Exercise brief: Copy the records exactly, leaving out every picture.

Dataset records:
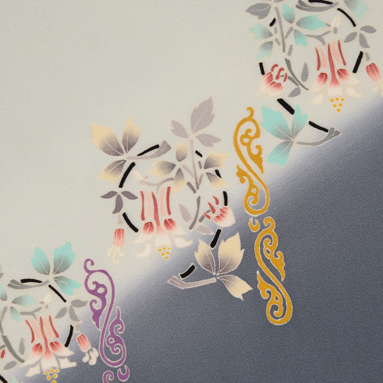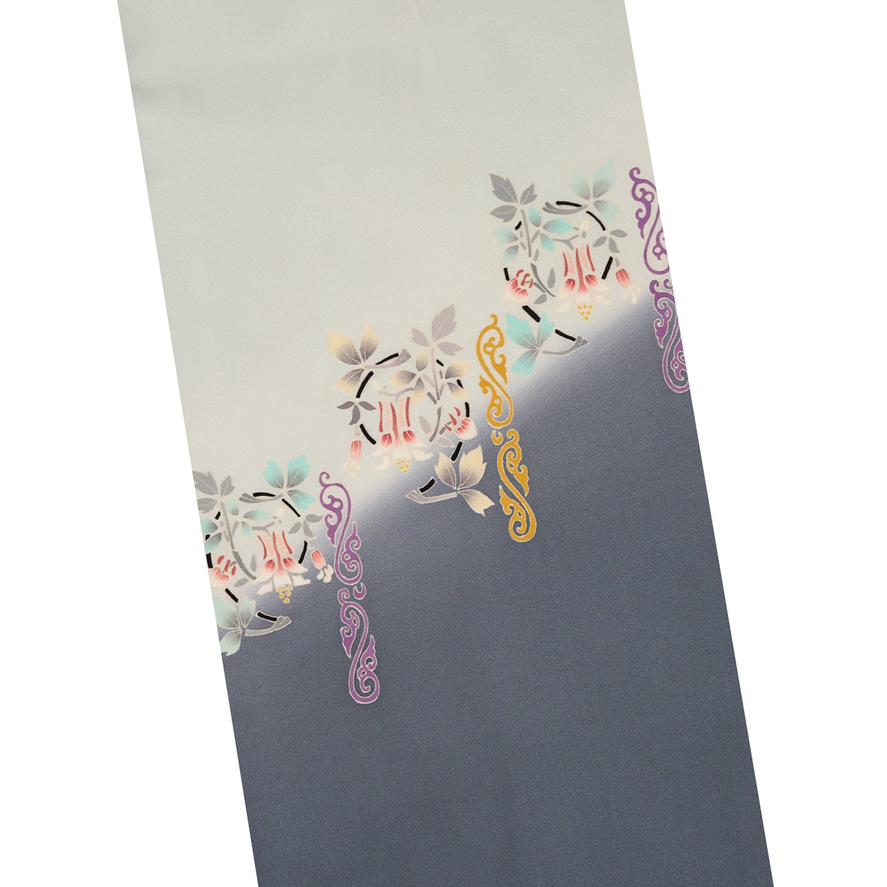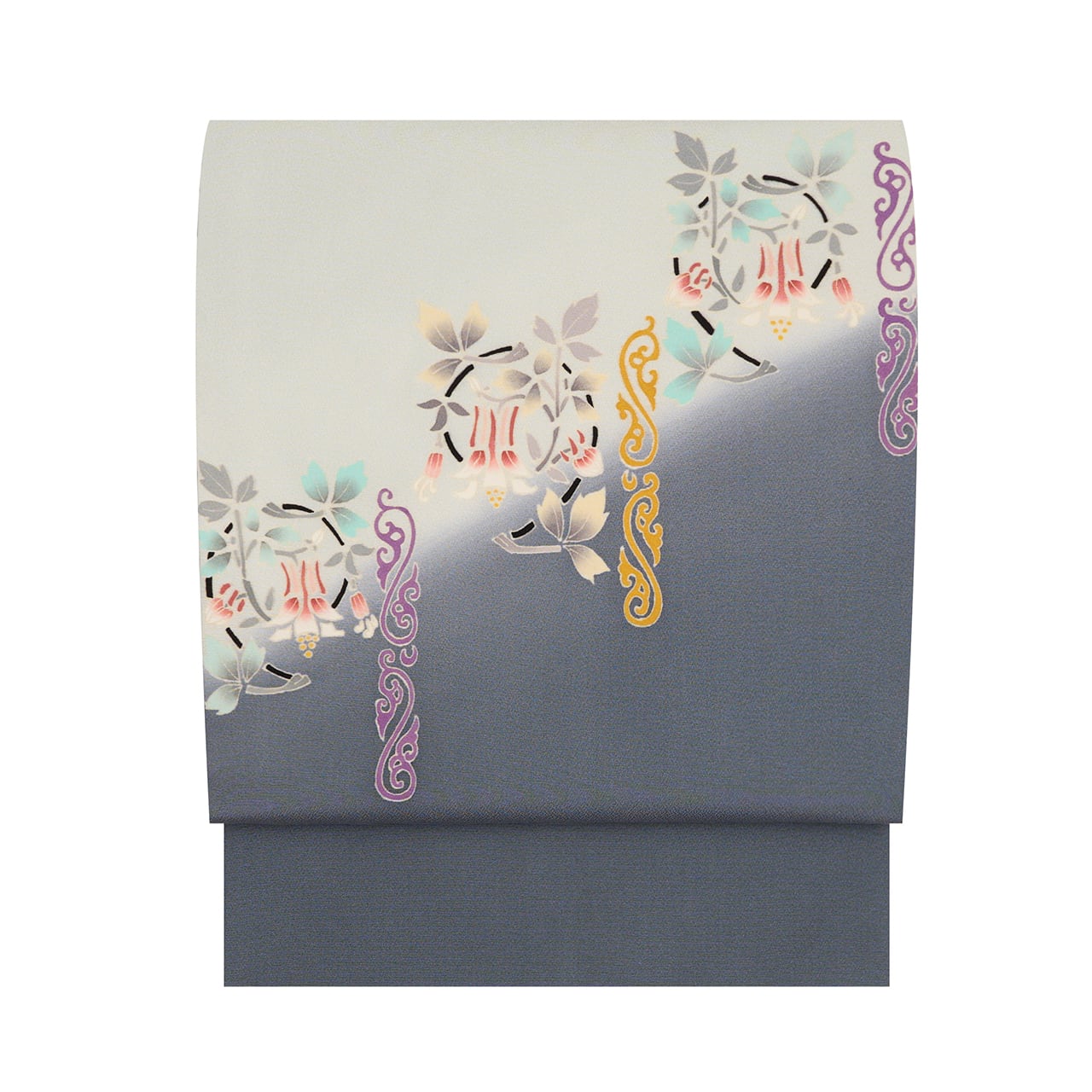 目の詰まったような一越ちりめんのしっかりとした生地が少し濃いグレー・鈍色に染められ、お太鼓の真ん中から明るい淡い水色がかった白・藍白色に斜めの暈しで染め分けられて、木朽葉色と古代紫色の蔓草の模様と、横には釣鐘型のお花と蔓草が手描きの友禅で描かれた、加賀友禅ならではの気品のある佇まいの素敵な九寸名古屋帯です。
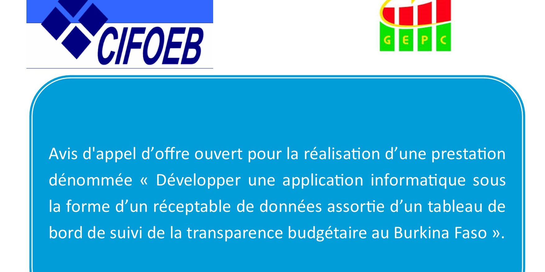 Le CIFOEB en partenariat avec le Projet de Gouvernance Economique et de Participation Citoyenne lance un avis d’appel d’offre ouvert pour la réalisation d’une prestation dénommée « Développer une application informatique sous la forme d’un réceptable de données assortie d’un tableau de bord de suivi de la transparence budgétaire au Burkina Faso ».
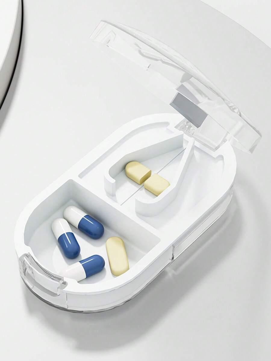 1pc Clear White Mini Pill Splitter & Storage Box With Dividers For Tablets, Portable Pill Container For Travel
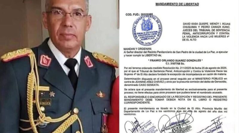 Luego de **4 años, 5 meses y 8 días de reclusión**, el **General Franko Orlando Suárez Gonzales** recuperó su libertad tras la nulidad del proceso militar en su contra.
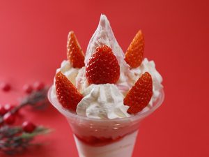 たくさんのいちごを贅沢に使ったご褒美パフェ。ソフトクリームとの掛け合わせの味わいをお楽しみください。
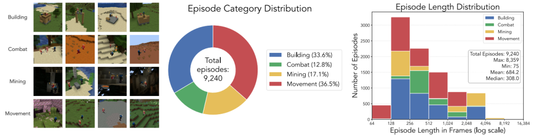 多人在线训练数据集:如图 3 所示,该数据集涵盖建造、战斗、移动、采矿等核心任务,在“超平坦”与“普通”世界中均衡采集,总计每玩家 632 万帧。其中包含昼夜、生物群系、工具使用、天气等多样状态,动作标注包括 WASD 移动、视角控制及挖掘、放置等交互。该数据集是首个适用于机器学习的多人在线《我的世界》动作标注数据集。
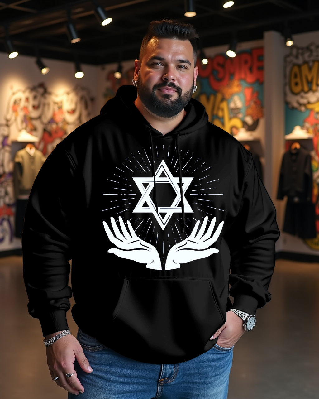 Star Of David Oversized Cotton Hoodie
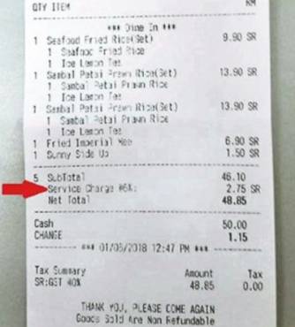 报道引述一名不愿具名的消费者透露,她和同事到平常熟悉的吉隆坡市某餐厅用餐,不过结账时发现,虽然账单上没有征收6%消费税,却出现之前从没征收的6%服务费。
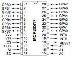The first programming challenge was working out how the I/O expander worked. Basically it is pretty simple. The chip provides two 8-bit ports named A and B. Each bit can individually be programmed as inputs or outputs. Then you basically write to the chip, generally using two bytes:
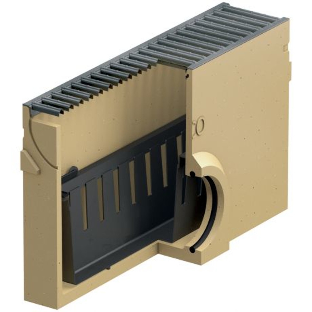 - Section en V : écoulement optimal et auto-nettoyage du fond Éléments de caniveau : polyester Grille sans vis ancrée étanchéité de la ligne de caniveau 100% étanche aux liquides Joint à lèvre intégré Ø 110mm Avec grille fendue en acier galvanisé Inclut seau noir en PP
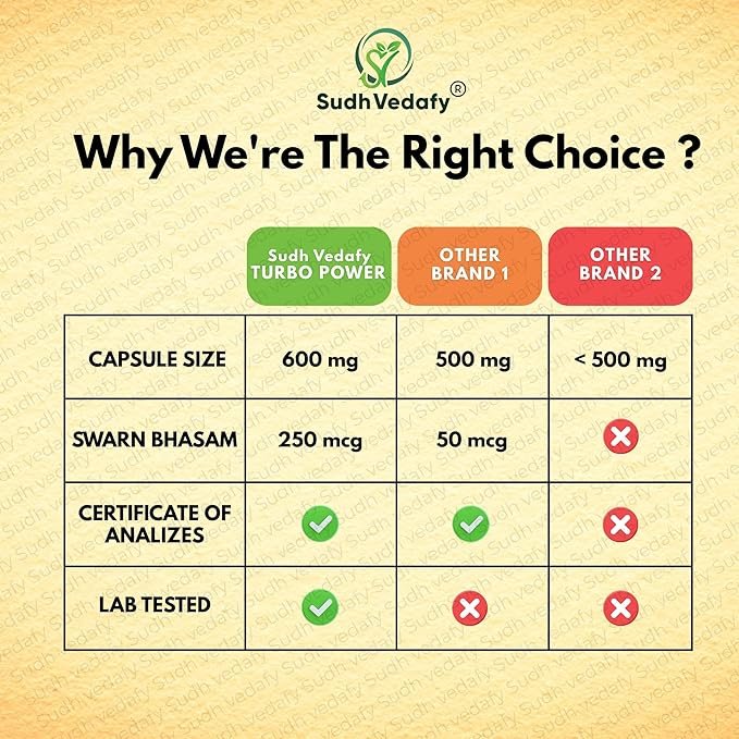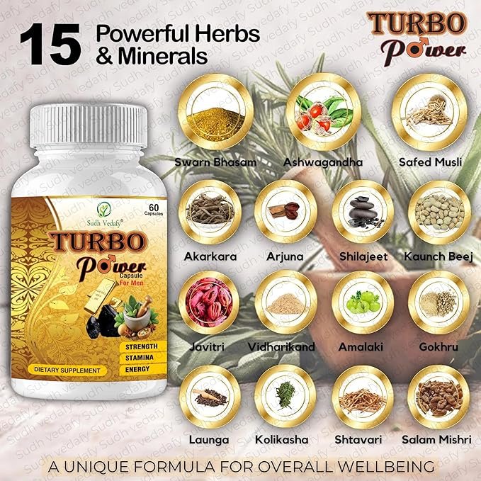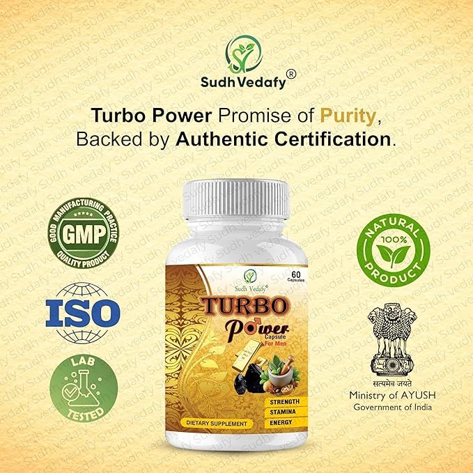 - Sudh Vedafy Turbo Power Capsules are specially formulated for men using traditional Ayurvedic ingredients, enriched with pure gold to support overall strength and performance.
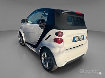 Ti presento una fantastica Smart ForTwo cabrio del 2008, perfetta per chi cerca un'auto compatta, elegante e divertente da guidare, soprattutto nei mesi più caldi grazie alla sua carrozzeria convertibile. Questa vettura a due posti, con tre porte, si distingue per il suo esterno bianco pastello, un colore raffinato e moderno, abbinato a un interno in tessuto nero che garantisce comfort e stile.

Written solution:
 目の詰まったような一越ちりめんのしっかりとした生地が少し濃いグレー・鈍色に染められ、お太鼓の真ん中から明るい淡い水色がかった白・藍白色に斜めの暈しで染め分けられて、木朽葉色と古代紫色の蔓草の模様と、横には釣鐘型のお花と蔓草が手描きの友禅で描かれた、加賀友禅ならではの気品のある佇まいの素敵な九寸名古屋帯です。
 Le CIFOEB en partenariat avec le Projet de Gouvernance Economique et de Participation Citoyenne lance un avis d’appel d’offre ouvert pour la réalisation d’une prestation dénommée « Développer une application informatique sous la forme d’un réceptable de données assortie d’un tableau de bord de suivi de la transparence budgétaire au Burkina Faso ».
 1pc Clear White Mini Pill Splitter & Storage Box With Dividers For Tablets, Portable Pill Container For Travel
 Luego de **4 años, 5 meses y 8 días de reclusión**, el **General Franko Orlando Suárez Gonzales** recuperó su libertad tras la nulidad del proceso militar en su contra.
 たくさんのいちごを贅沢に使ったご褒美パフェ。ソフトクリームとの掛け合わせの味わいをお楽しみください。
 多人在线训练数据集:如图 3 所示,该数据集涵盖建造、战斗、移动、采矿等核心任务,在“超平坦”与“普通”世界中均衡采集,总计每玩家 632 万帧。其中包含昼夜、生物群系、工具使用、天气等多样状态,动作标注包括 WASD 移动、视角控制及挖掘、放置等交互。该数据集是首个适用于机器学习的多人在线《我的世界》动作标注数据集。
 Star Of David Oversized Cotton Hoodie
 报道引述一名不愿具名的消费者透露,她和同事到平常熟悉的吉隆坡市某餐厅用餐,不过结账时发现,虽然账单上没有征收6%消费税,却出现之前从没征收的6%服务费。
The first programming challenge was working out how the I/O expander worked. Basically it is pretty simple. The chip provides two 8-bit ports named A and B. Each bit can individually be programmed as inputs or outputs. Then you basically write to the chip, generally using two bytes:
 - Section en V : écoulement optimal et auto-nettoyage du fond Éléments de caniveau : polyester Grille sans vis ancrée étanchéité de la ligne de caniveau 100% étanche aux liquides Joint à lèvre intégré Ø 110mm Avec grille fendue en acier galvanisé Inclut seau noir en PP
 - Sudh Vedafy Turbo Power Capsules are specially formulated for men using traditional Ayurvedic ingredients, enriched with pure gold to support overall strength and performance.
 Ti presento una fantastica Smart ForTwo cabrio del 2008, perfetta per chi cerca un'auto compatta, elegante e divertente da guidare, soprattutto nei mesi più caldi grazie alla sua carrozzeria convertibile. Questa vettura a due posti, con tre porte, si distingue per il suo esterno bianco pastello, un colore raffinato e moderno, abbinato a un interno in tessuto nero che garantisce comfort e stile.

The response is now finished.